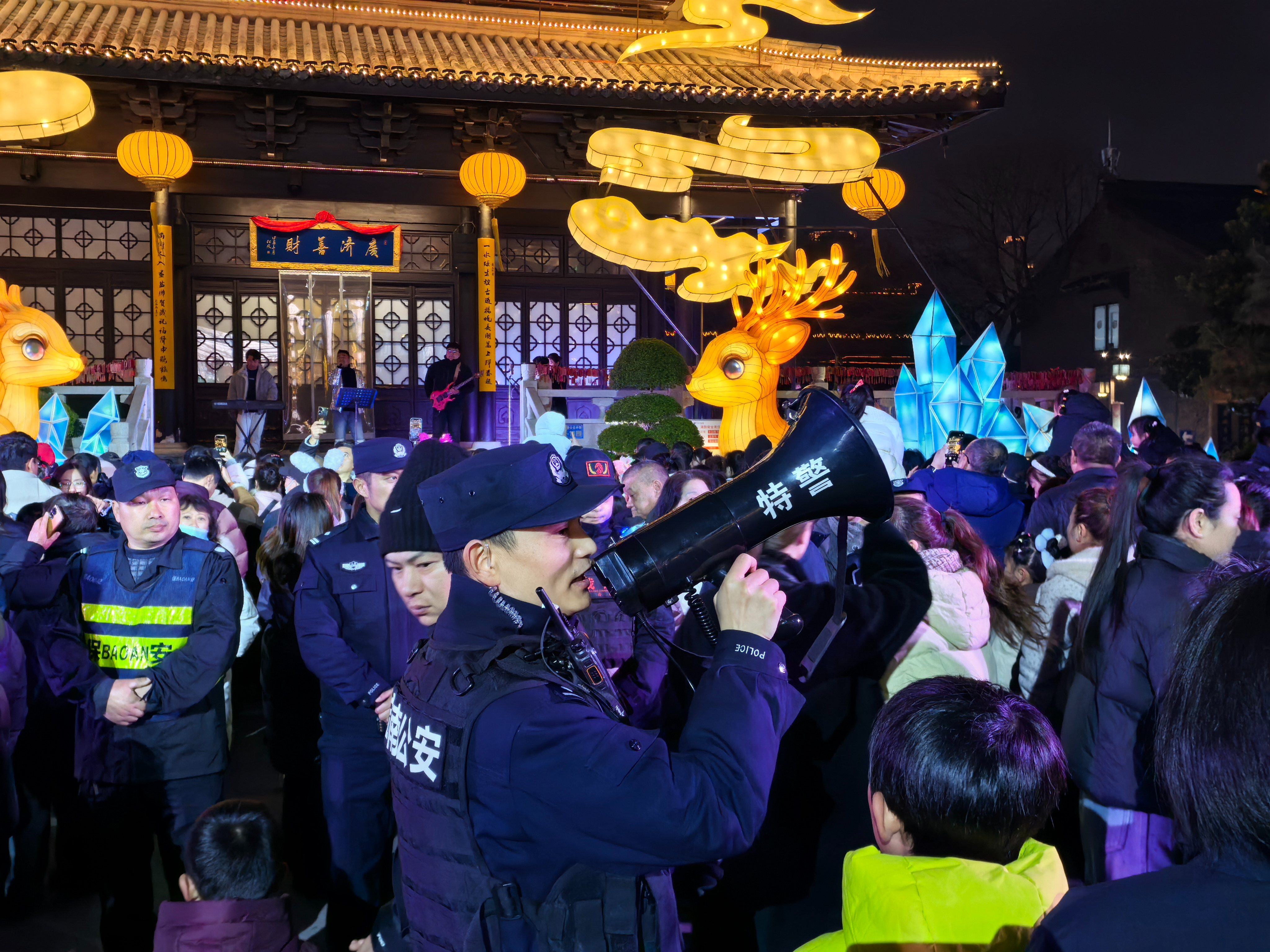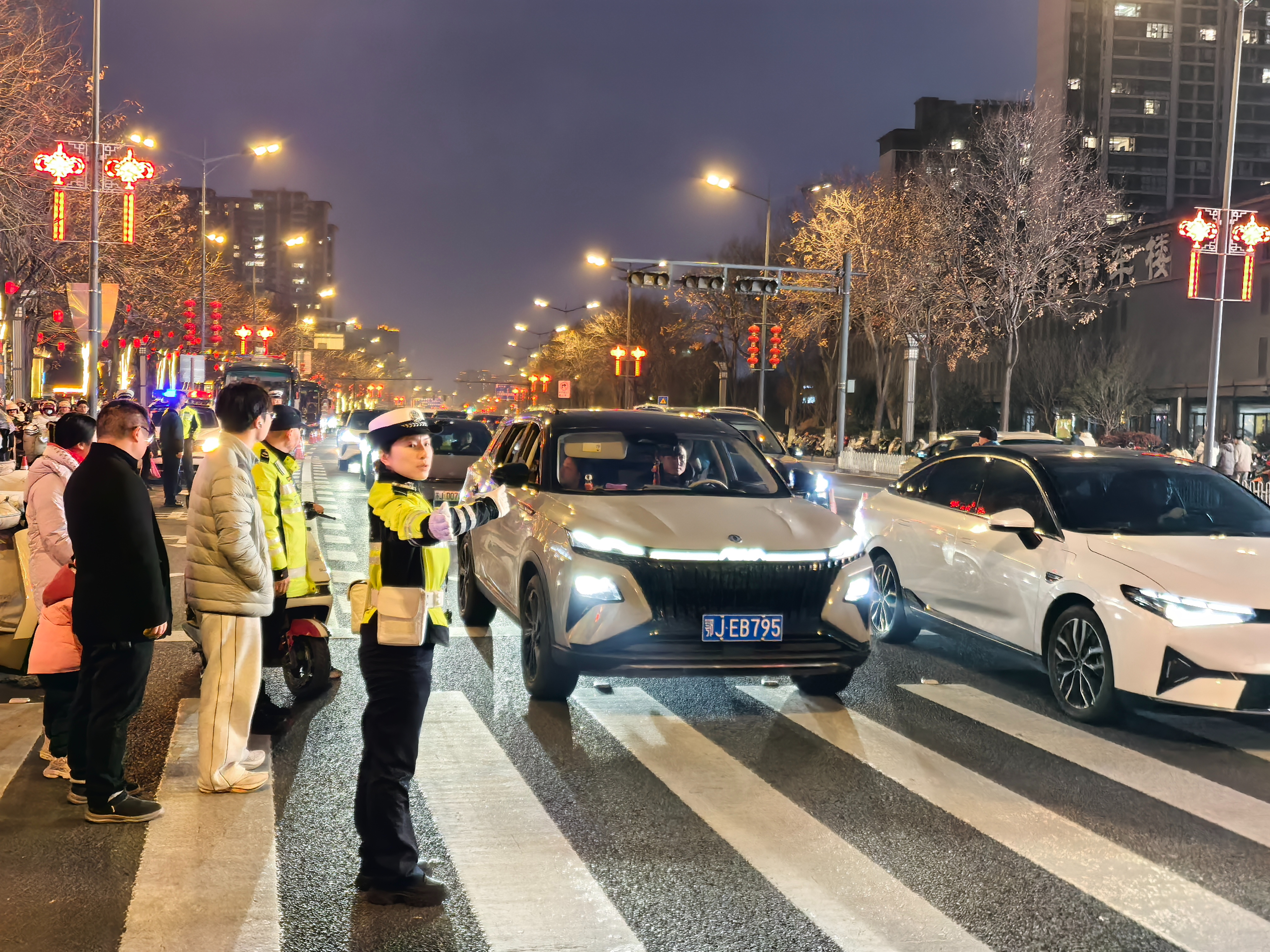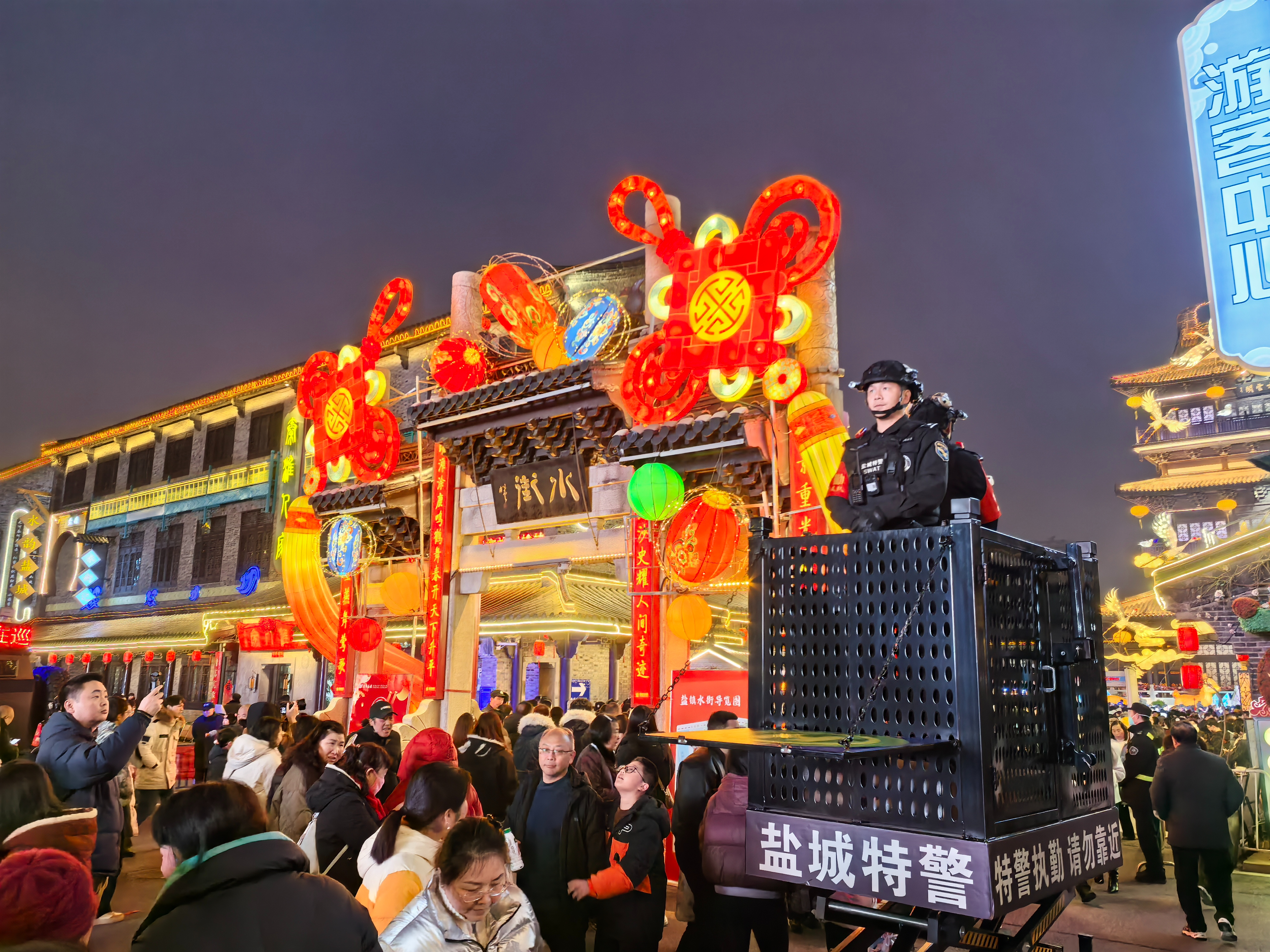 晚上8点,人流、车流达到峰值,执勤民辅警快速响应、高效疏导,全力保障道路畅通。“今年峰值人流量约2万人,我们重点针对景区出入口、周边路口等关键节点增派警力,实时监测车流、人流变化,优化路口信号灯配时,及时疏导拥堵路段,全力保障群众出行安全顺畅。”盐城市公安局交管支队相关负责人介绍。
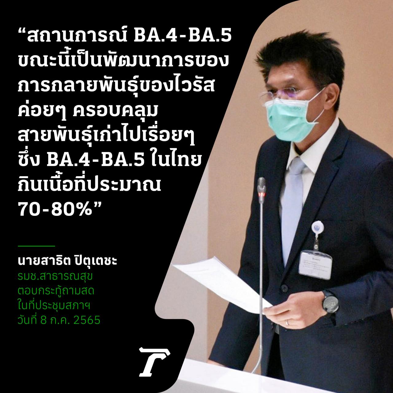 “ผมย้ำว่าในสายพันธุ์ BA.4 และ BA.5 เราทราบตรงกันทั่วโลกว่าสถานการณ์ BA.4-BA.5 ซึ่งขณะนี้ในประเทศไทยเป็นพัฒนาการของการกลายพันธุ์ของไวรัสว่า พอมันมีสายพันธุ์ใหม่ขึ้นมามันจะค่อยๆ ครอบคลุมสายพันธุ์เก่าไปเรื่อยๆ ซึ่ง BA.4-BA.5 ในประเทศไทยก็กินเนื้อที่ไประมาณสัก 70-80% BA.4-BA.5 มีอัตราการติดเชื้อทั่วโลกเพิ่มขึ้น 30% ประเทศไทยก็เพิ่มขึ้น”
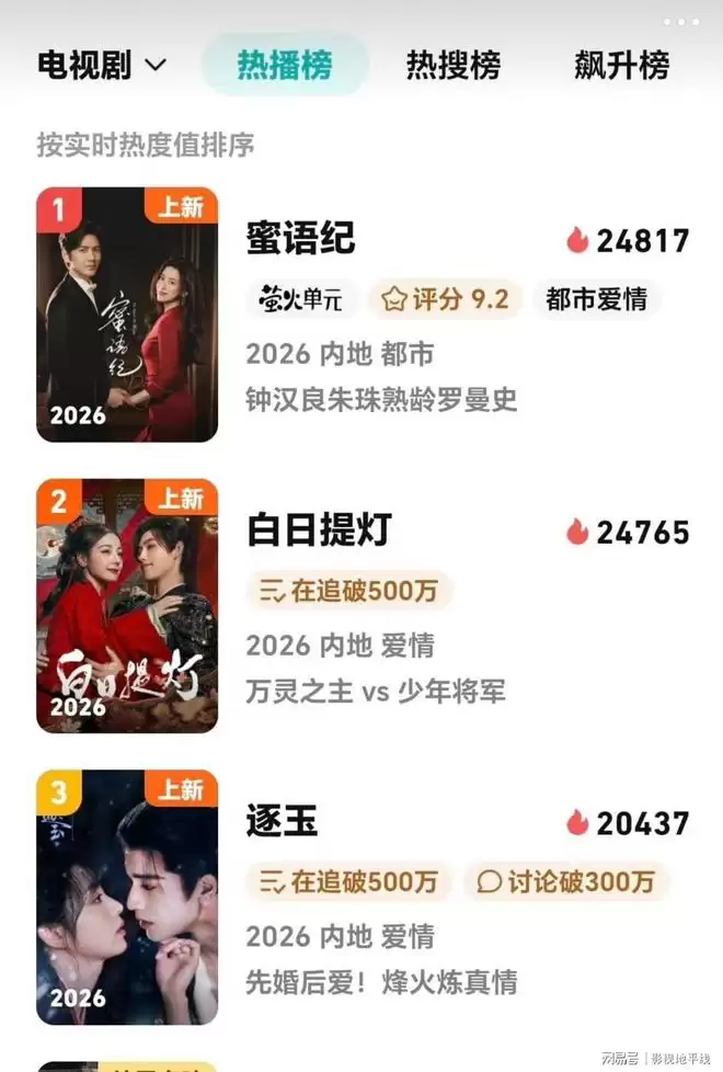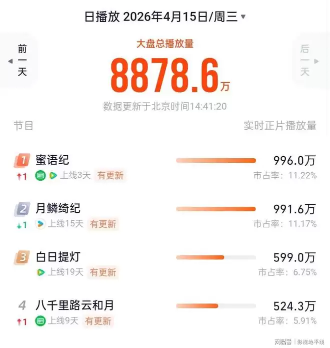 《蜜语纪》开播仅两天,平台热度指数便直线上升,迅速反超已播出数周的《白日提灯》。从第三方数据平台监测可见,其全网市场占有率与话题讨论度均对后者形成显著优势。
━━━━━━━━
Problem to work on:
From the line containing "BA.4 และ BA.5" through the final line of the listing, copy every line exactly and nothing else. Skip the pictures.

Task answer:
 “ผมย้ำว่าในสายพันธุ์ BA.4 และ BA.5 เราทราบตรงกันทั่วโลกว่าสถานการณ์ BA.4-BA.5 ซึ่งขณะนี้ในประเทศไทยเป็นพัฒนาการของการกลายพันธุ์ของไวรัสว่า พอมันมีสายพันธุ์ใหม่ขึ้นมามันจะค่อยๆ ครอบคลุมสายพันธุ์เก่าไปเรื่อยๆ ซึ่ง BA.4-BA.5 ในประเทศไทยก็กินเนื้อที่ไประมาณสัก 70-80% BA.4-BA.5 มีอัตราการติดเชื้อทั่วโลกเพิ่มขึ้น 30% ประเทศไทยก็เพิ่มขึ้น”
 《蜜语纪》开播仅两天,平台热度指数便直线上升,迅速反超已播出数周的《白日提灯》。从第三方数据平台监测可见,其全网市场占有率与话题讨论度均对后者形成显著优势。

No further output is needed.